Even human responses to surveys are very bad and without adequate sample sizes and control questions there is often zero value in surveys like this. Plus any person can have multiple facebook accounts. Add in a gift award (even for virtual 'points') and it is a near guarantee most the responders will be fake and unviable for research. In gaming, (where financial & artificial rewards systems are used by design) it is so well known to have fake players online games are now designed for real players often to only number anywhere from 1 in 5 to 1 in 10. The process of fake accounts is often known as farming. With the farms providing benefits that a single real user cannot achieve. Many applications and markets are designed around the set up of farming and selling farms in bulk to other users. Some servers of around 500 "users" can be over 90% farms which provide a benefit to a few actual people and awards in the community. A farm server etc. This is well known in international communities, especially SM sites. If you are a single user with a single account that is more rare these days given the prevalence of fake accounts with seemingly genuine responses. Another recent example is the Good Reads scandals using fake generated accounts where seemingly genuine fake reviews have surfaced again but by now it should be obvious that written reviews, responses to surveys and even scenario responses can be mostly fake from farm accounts if your selection is via online. There are many markets in buying x number of fake accounts to do fake reviews and fake survey responses. You can go full AI, partial bot, fake human responses, any age of the accounts (not the user age but the account age & history data), any location etc.  

Researchers really have to be aware of their selection because these issues about online selection have been well known. Any use of social media will result in heavily biased responses and poor checks for real humans. Any researcher even advertising on social media has to have even basic awareness of the heavy bias making the research close to unusable in a wider context and their respondents cannot be social media users or accounts. ID verification processes have to occur to verify actual humanity and even on top of that additional checks for each response being genuine, with controls. 100 people from facebook is a fricken giant red flag that pulls the whole research into question as it flies so far against scientific practice all of the funding might as well be going down a hole. 

Time to dust off the Voight-Kampff test to detect humans with genuine answers versus replicants.

What is concerning is the OP was not aware of the many fraudulent AI articles and mainstream journals that publish generated "research" decades before the arrival of ChatGPT.

This is not a new thing. This is a thing that is pervasive in the market making most science research published near valueless unless it has over hundreds of supporting peer review studies, and with some using competing criteria & methods, from different sources.
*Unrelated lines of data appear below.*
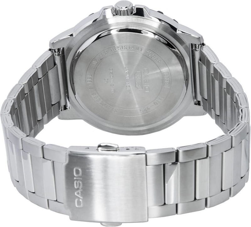Мужские японские часы Casio MTD-125D-3A, кварцевый механизм с высокой точностью. Класс водозащиты: 100 метров. Круглый стальной корпус изготовлен из нержавеющей стали и алюминия.Поворотный безельБезельВнешний ободок, закрепляющий стекло. В спортивных часах так называется поворотное кольцо с делениями на циферблате, выполняет роль таймера – замеряет отрезки времени на шкале. Неподвижный безель – элемент декора. Однонаправленно вращающийся безель на дайверских часах позволяет фиксировать моменты погружения и выныривания на поверхность. из стали с пластиковой вставкой. Окошко даты на отметке 3 часа. Рифленая заводная головка. Стальной браслет на раскладной застёжкеРаскладная застёжкаТакой тип застёжки используется только на браслетах из металла. Она никогда не раскрывается полностью, происходит разделение на 2 и более частей. Раскладывающая застёжка снизит вероятность потери часов к минимуму..
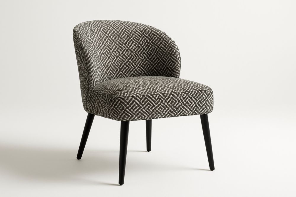 Sedia lounge in tessuto geometrico con gambe in legno nero
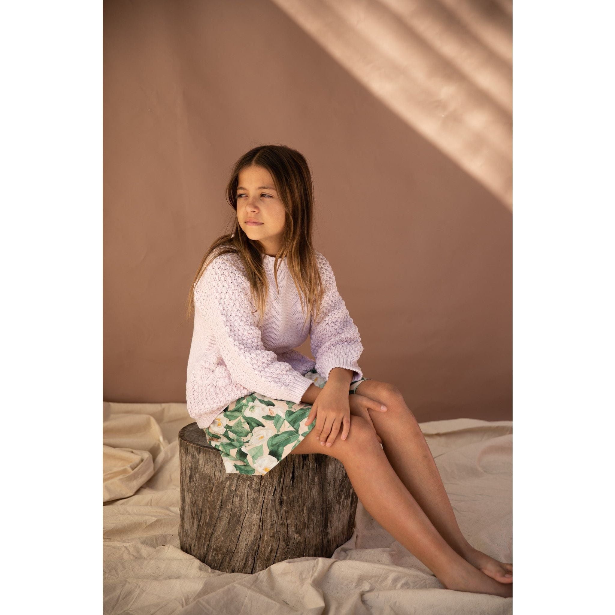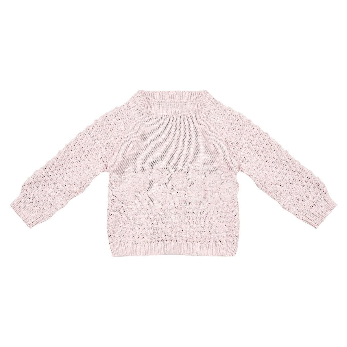 It’s all about the details, embroidered floral front and textured knit sleeves and waist in the sweetest “coconut ice” pink, makes for a darling combination that will give you heart eyes.
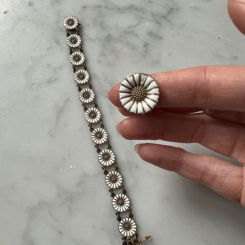 Armbånd, forgyldt, Georg Jensen, Pænt Georg Jensen Marguerit armbånd, skulle iflg. vores lokale antikvitetshandler være fremstillet tilbage i 70´erne. Designer Anton Michelsen. Bemærk, at der er et ganske lille afslag på ét af bladene på en af margueritterne, - se billede.
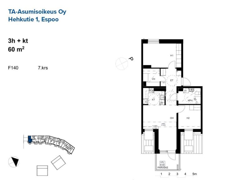 Seitsemännen kerroksen läpitalon kolmio uudessa asumisoikeustalossa!
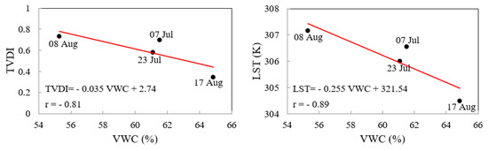 The results illustrated that, the LST and TVDI can be applied as indicators for vegetation water content (VWC), thus the correlation between latter parameters was investigated. In order to find the relation between VWC and TVDI (and/or LST), and more importantly to validate the satellite based index, a linear regression model was developed between two parameters. As Figure 11 shows, the empirical relationship between values of measured VWC and TVDI/LST has a relatively high negative correlation coefficient. Relationships between VWC and temperature-based indices for different trees at different locations would enable irrigation planners to estimate VWC.
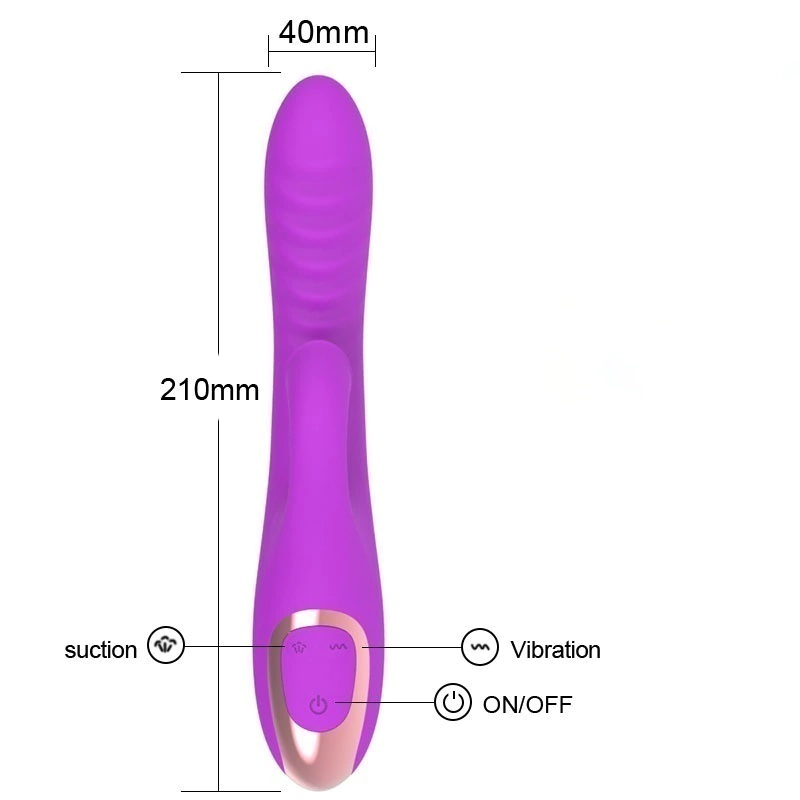 Vibrador sugador com duplo motor de 12 modos de vibração e 12 modos de sugador, feito em silicone de textura leve e macia.

Sadly most science articles have zero peer review these days, none prior or in the process of publishing, which has for decades been a concern to scientists. This has for the past couple of decades lead to massive scandals and major physical harm to millions of people (especially with fraudulent non peer reviewed materials even turning up in prestigious journals like the Lancet which is often assumed to have even minor editorial review but has been proven to do not even basic review checks of material). The 'vaccines cause Autism' fraud was well known prior but sadly with journals losing even basic peer review systems anything gets published. It is not the material or the methods or the data that gets checked but the credentials of the person & prestige of publishing driving science funding.  

The OP being so unaware of this, and not even mentioning it does seem like they are way out of the science field to begin with (you get that with social surveyors with public funding).

Anyone with a science background knows fake generated responses and even AI generated research has been around for at least a couple of decades. We often share the most hilariously bad examples over a BBQ and use the tragic ones as cautionary tales.

For instance AI generation in art now has some particularly hilarious short comings (or really long comings) when used in supposedly peer reviewed reputable journals.

Link to articles describing: Scientists aghast at bizarre AI rat with huge genitals in peer-reviewed article

https://arstechnica.com/science/2024/02/scientists-aghast-at-bizarre-ai…

The even funnier and more erroneous bit is not the biology of the animal but the labels. The community comments will give quite a few chuckles and insights into why even human peer reviewers, (AI reviewers have been in the market for a long time) are not doing any peer review (or even checks of article & research content).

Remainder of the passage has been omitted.